There are a number of broad overviews of European colonial conquest in Africa. Hobson 1902 offers a contemporary view, Robinson and Gallagher 1961 explains colonialism in strategic terms, Lenin 1963 places colonialism within a Marxist framework, Hopkins 1973 looks specifically at West Africa, Farwell 1985 focuses on the British role, Boahen 1990 offers a broad synthesis of the scholarship up to that time, Pakenham 1991 presents an epic narrative, and Vandervort 1998 emphasizes the military aspects of the conquest by condensing the relevant literature. Press 2017 looks at private empire building and fraudulently obtained treaties during the Scramble.

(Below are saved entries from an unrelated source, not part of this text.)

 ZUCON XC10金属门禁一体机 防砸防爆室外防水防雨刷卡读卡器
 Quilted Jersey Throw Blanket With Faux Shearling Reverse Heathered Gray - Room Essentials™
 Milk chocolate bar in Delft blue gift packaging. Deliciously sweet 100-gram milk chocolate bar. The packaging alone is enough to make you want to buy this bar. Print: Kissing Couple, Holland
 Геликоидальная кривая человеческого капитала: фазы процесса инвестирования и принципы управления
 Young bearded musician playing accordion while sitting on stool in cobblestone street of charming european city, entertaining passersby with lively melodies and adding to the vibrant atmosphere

  • Boahen, A. Adu, ed. General History of Africa, VII: Africa under Colonial Domination, 1880–1935. London: James Currey, 1990.

    A broad but detailed overview that constitutes part of a much larger chronicle of African history assembled by the United Nations Educational, Scientific and Cultural Organization (UNESCO).

  • Farwell, Byron. Queen Victoria’s Little Wars. London: W.W. Norton, 1985.

    Originally published in 1973, this book presents a concise overview of Britain’s colonial wars during the mid- to late nineteenth century, many of which happened in Africa.

  • Hobson, John. Imperialism: A Study. London: George Allen and Unwin, 1902.

    The first attempt to explain the Scramble for Africa, published when it was still happening. A British social reformer, Hobson saw the new imperialism of his time as resulting from the decline of wholesome small-scale capitalism and the rise of greedy magnates like Cecil Rhodes.

  • Hopkins, A. G. An Economic History of West Africa. New York: Columbia University Press, 1973.

    A scholarly and highly regarded study that sees the conquest of West Africa as rooted in the economic depression of the 1870s, which made European merchants want to cut their costs by undermining African intermediaries in the old coastal trade and gaining direct control over the sources of raw materials.

  • Lenin, V. I. Imperialism: The Highest Stage of Capitalism. Moscow: Progress Publishers, 1963.

    First published in 1917, Lenin’s pamphlet should be seen within the context of the First World War and his revolutionary agenda. He regarded the Scramble for Africa as evidence that the capitalist system was pulling itself apart in the search for new areas to invest surplus capital.

  • Pakenham, Thomas. The Scramble for Africa: White Man’s Conquest of the Dark Continent, 1876–1912. New York: HarperCollins, 1991.

    A popular history told in epic style.

  • Press, Steven. Rogue Empires: Contracts and Conmen in Europe’s Scramble for Africa. Cambridge, MA: Harvard University Press, 2017.

    DOI: 10.2307/j.ctt1n2tv5q

    Press identifies earlier private European empire-building in Borneo during the mid-1800s as the origin of revived chartered company intervention in Africa during the late nineteenth century that seemed to relieve European states of the economic burden of empire. The book emphasizes the various fraudulent agreements supposedly made between private European empire-builders and African leaders that were put forth as a legal justification for claiming colonies in Africa.

  • Robinson, Ronald, and John Gallagher. Africa and the Victorians: The Official Mind of Imperialism. London: Macmillan, 1961.

    DOI: 10.5040/9780755624140

    Rejecting Lenin’s economic approach, these British historians saw the Scramble as happening because of the desire by European powers to secure points of strategic importance such as the Cape and the Suez Canal, which resulted in a domino effect of similar territorial seizures.

  • Vandervort, Bruce. Wars of Imperial Conquest in Africa, 1830–1914. Bloomington: Indiana University Press, 1998.

    A scholarly yet accessible overview of the European military conquest of Africa.